» HOW TO COMPLETE THIS TASK: From the records below, please print only the lines from the one containing "Bico ina 後ろ切替ボタンベスト" through the one containing "The German missionary", both included. Skip the pictures.

» DATA LISTING:
********

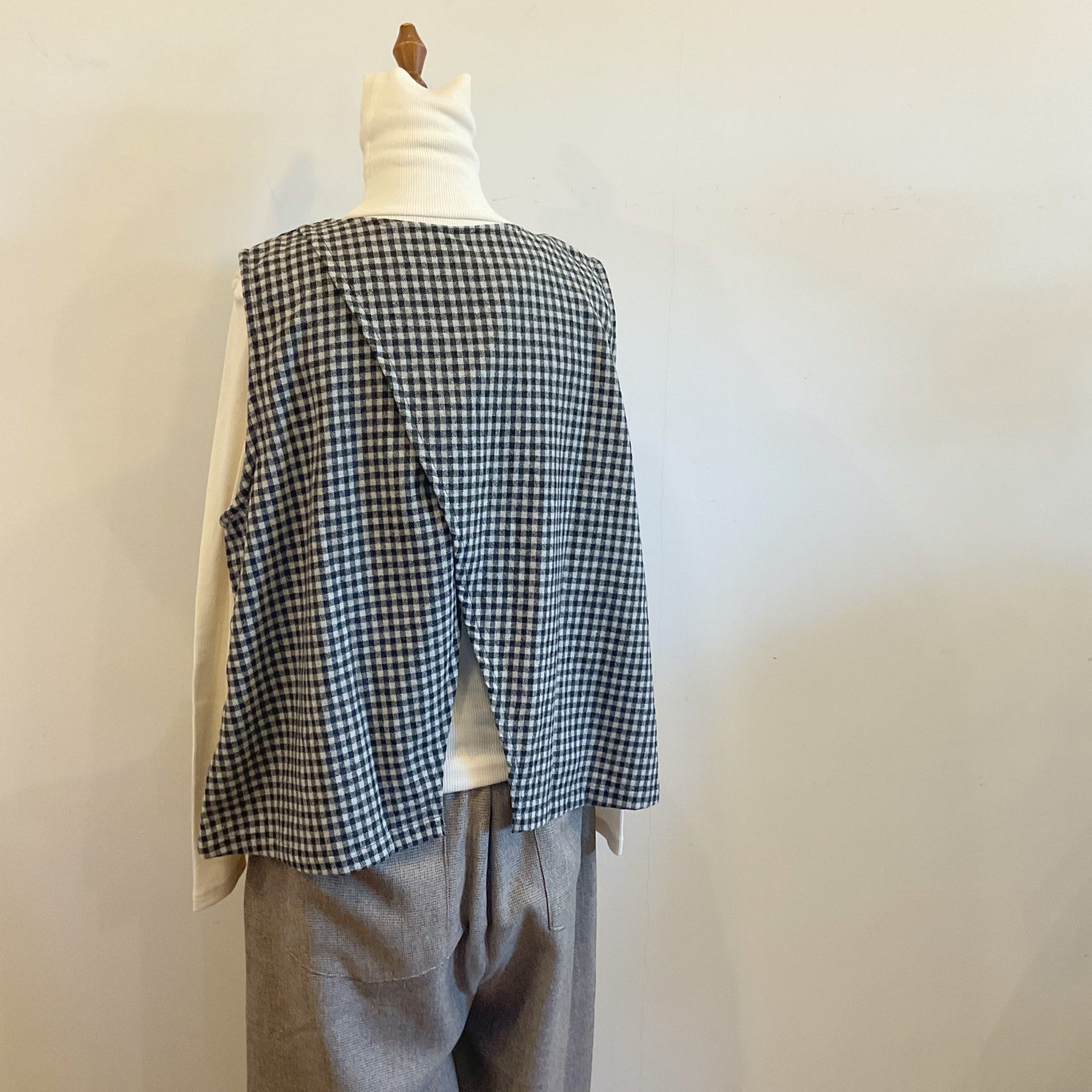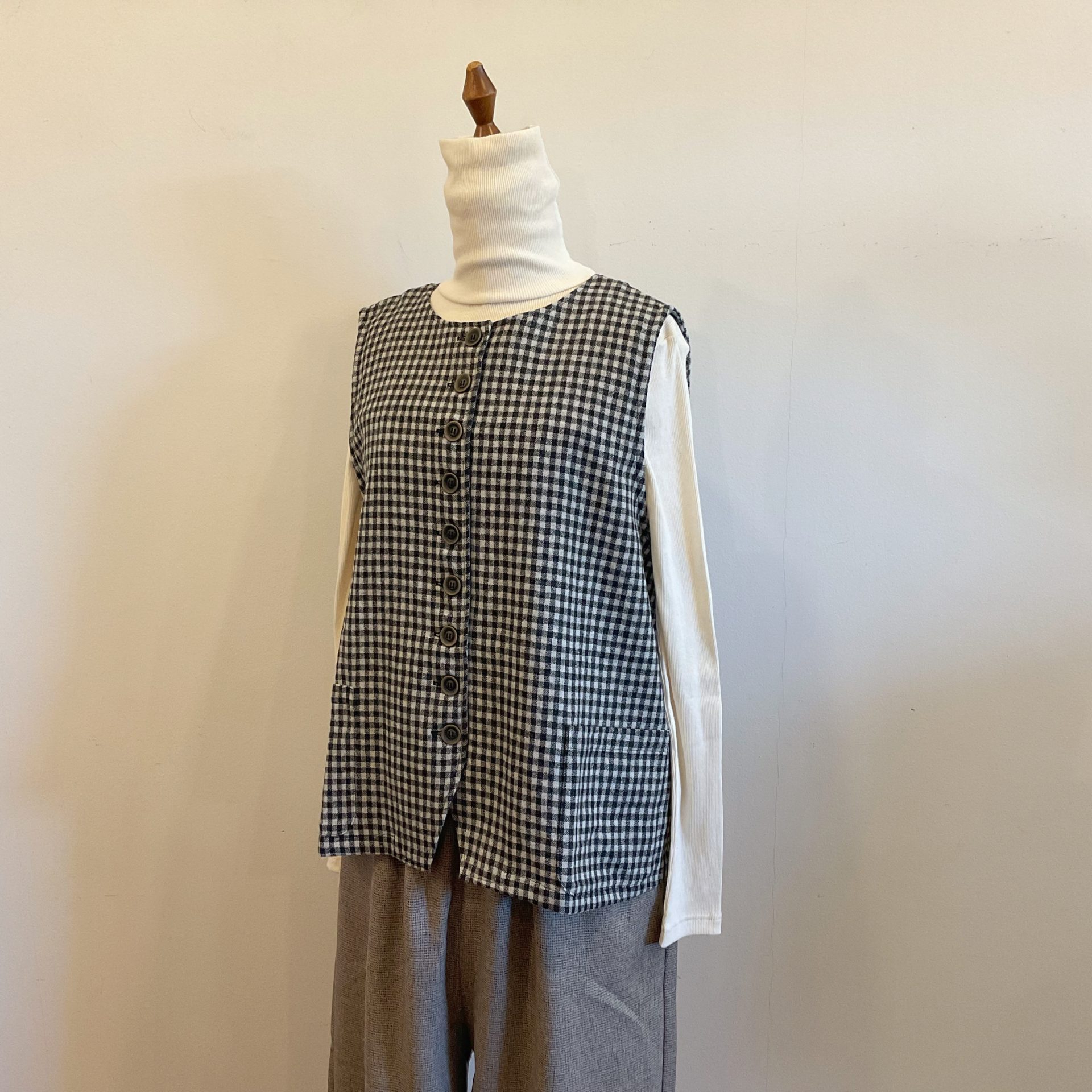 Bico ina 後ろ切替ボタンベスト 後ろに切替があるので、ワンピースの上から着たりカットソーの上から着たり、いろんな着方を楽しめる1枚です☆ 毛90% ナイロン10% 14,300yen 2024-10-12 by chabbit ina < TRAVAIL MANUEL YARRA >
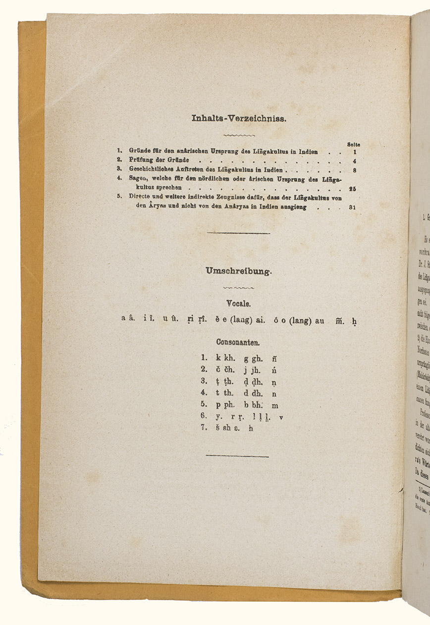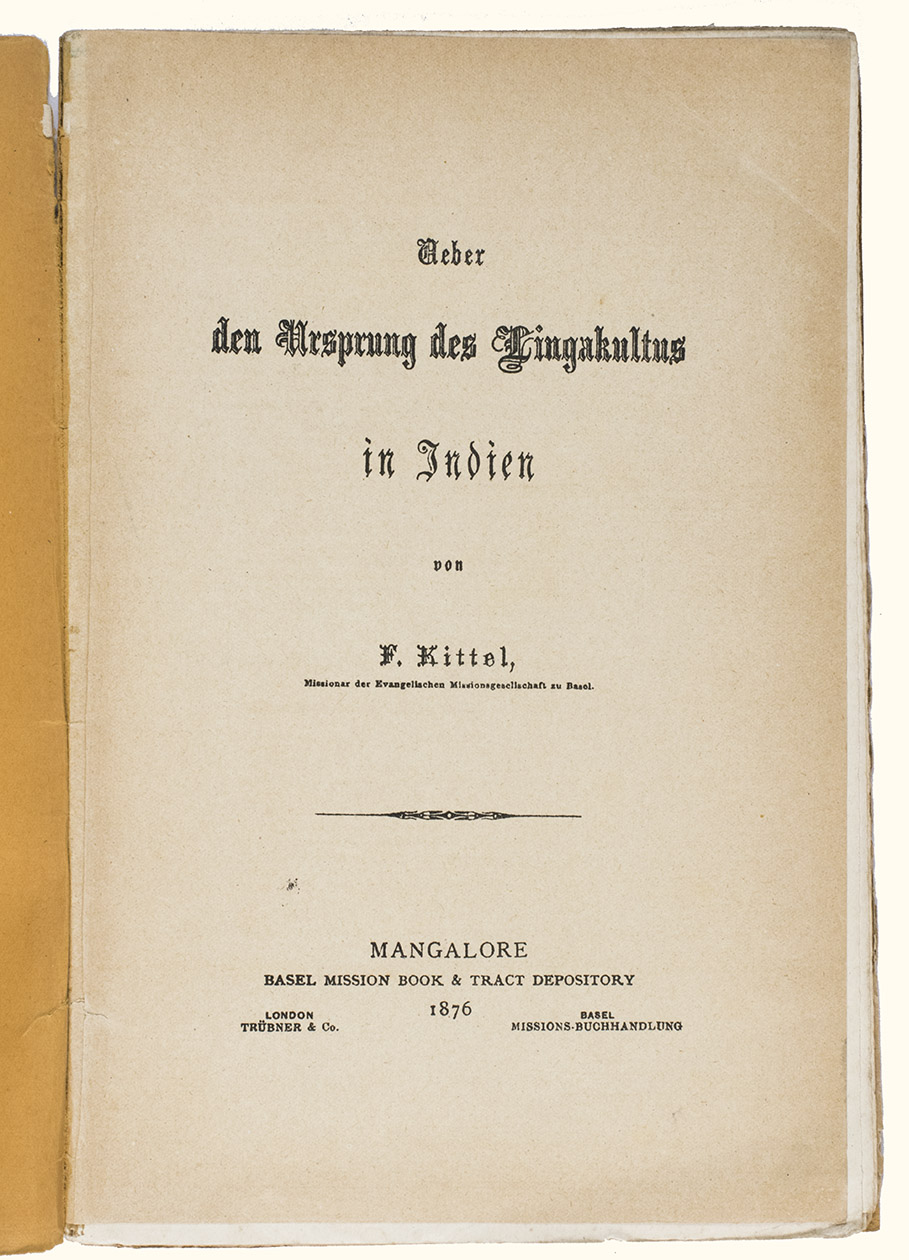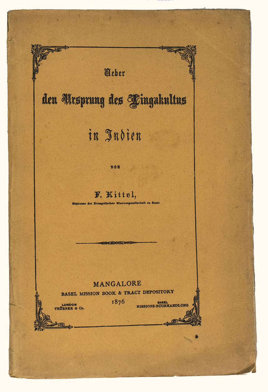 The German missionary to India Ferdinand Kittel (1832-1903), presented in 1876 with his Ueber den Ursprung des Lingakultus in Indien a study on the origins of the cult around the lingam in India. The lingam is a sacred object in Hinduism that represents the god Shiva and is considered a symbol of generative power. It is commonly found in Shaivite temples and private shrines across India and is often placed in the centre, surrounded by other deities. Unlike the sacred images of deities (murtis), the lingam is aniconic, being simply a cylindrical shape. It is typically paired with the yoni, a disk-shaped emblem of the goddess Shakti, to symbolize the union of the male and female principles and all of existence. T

********

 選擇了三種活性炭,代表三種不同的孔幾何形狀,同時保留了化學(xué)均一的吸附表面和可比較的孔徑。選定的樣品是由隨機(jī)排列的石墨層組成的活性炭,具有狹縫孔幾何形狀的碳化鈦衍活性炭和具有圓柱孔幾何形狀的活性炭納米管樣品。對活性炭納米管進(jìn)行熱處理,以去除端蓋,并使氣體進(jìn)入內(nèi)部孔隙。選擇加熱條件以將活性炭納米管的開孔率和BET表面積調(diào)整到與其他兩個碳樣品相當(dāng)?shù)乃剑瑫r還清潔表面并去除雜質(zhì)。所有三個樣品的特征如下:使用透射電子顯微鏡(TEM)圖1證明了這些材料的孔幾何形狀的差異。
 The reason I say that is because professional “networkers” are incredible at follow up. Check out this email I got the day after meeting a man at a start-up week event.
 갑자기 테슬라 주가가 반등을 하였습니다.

********

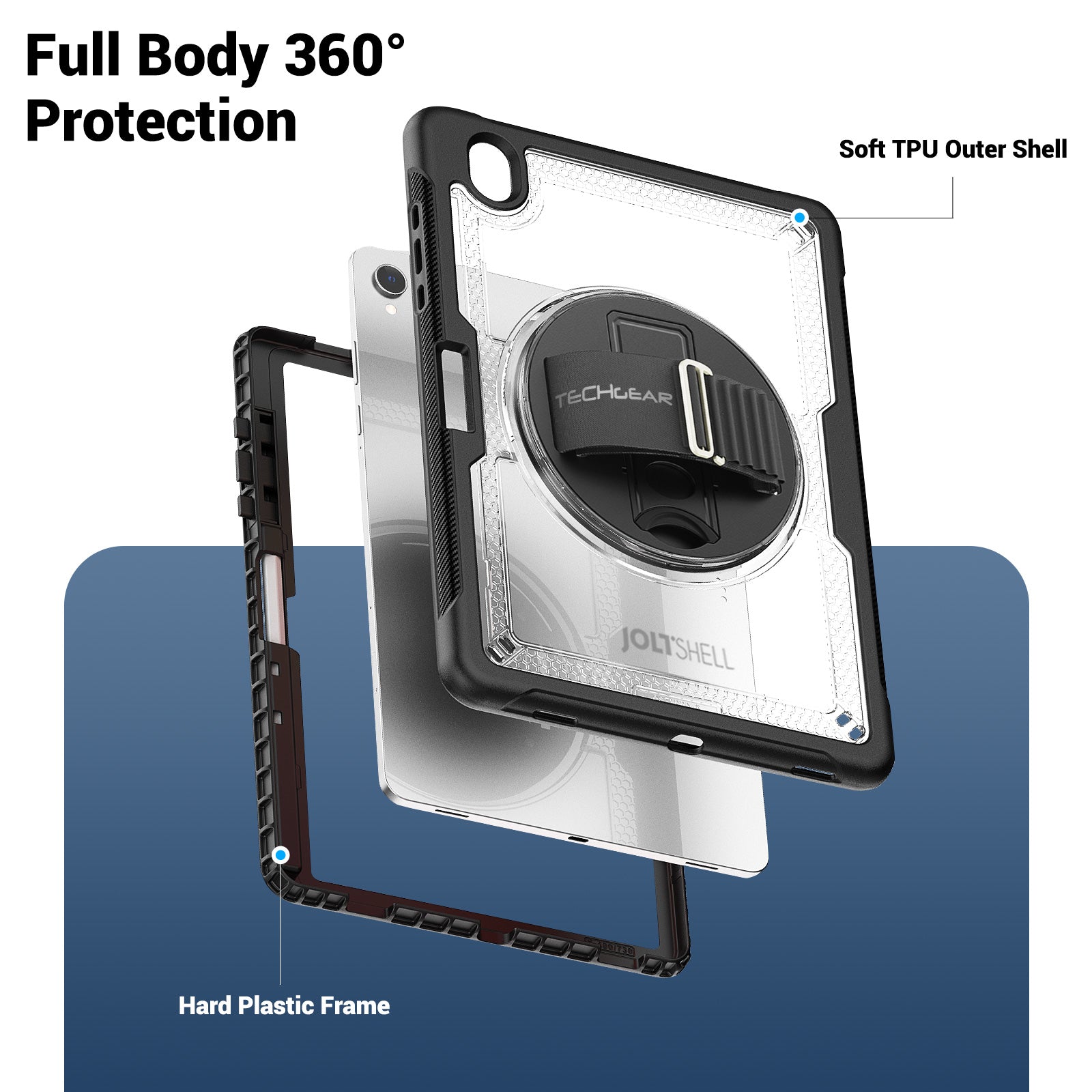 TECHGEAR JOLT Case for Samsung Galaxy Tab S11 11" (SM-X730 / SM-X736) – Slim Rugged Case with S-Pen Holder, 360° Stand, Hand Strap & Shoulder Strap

********

» TASK SOLUTION:
 Bico ina 後ろ切替ボタンベスト 後ろに切替があるので、ワンピースの上から着たりカットソーの上から着たり、いろんな着方を楽しめる1枚です☆ 毛90% ナイロン10% 14,300yen 2024-10-12 by chabbit ina < TRAVAIL MANUEL YARRA >
 The German missionary to India Ferdinand Kittel (1832-1903), presented in 1876 with his Ueber den Ursprung des Lingakultus in Indien a study on the origins of the cult around the lingam in India. The lingam is a sacred object in Hinduism that represents the god Shiva and is considered a symbol of generative power. It is commonly found in Shaivite temples and private shrines across India and is often placed in the centre, surrounded by other deities. Unlike the sacred images of deities (murtis), the lingam is aniconic, being simply a cylindrical shape. It is typically paired with the yoni, a disk-shaped emblem of the goddess Shakti, to symbolize the union of the male and female principles and all of existence. T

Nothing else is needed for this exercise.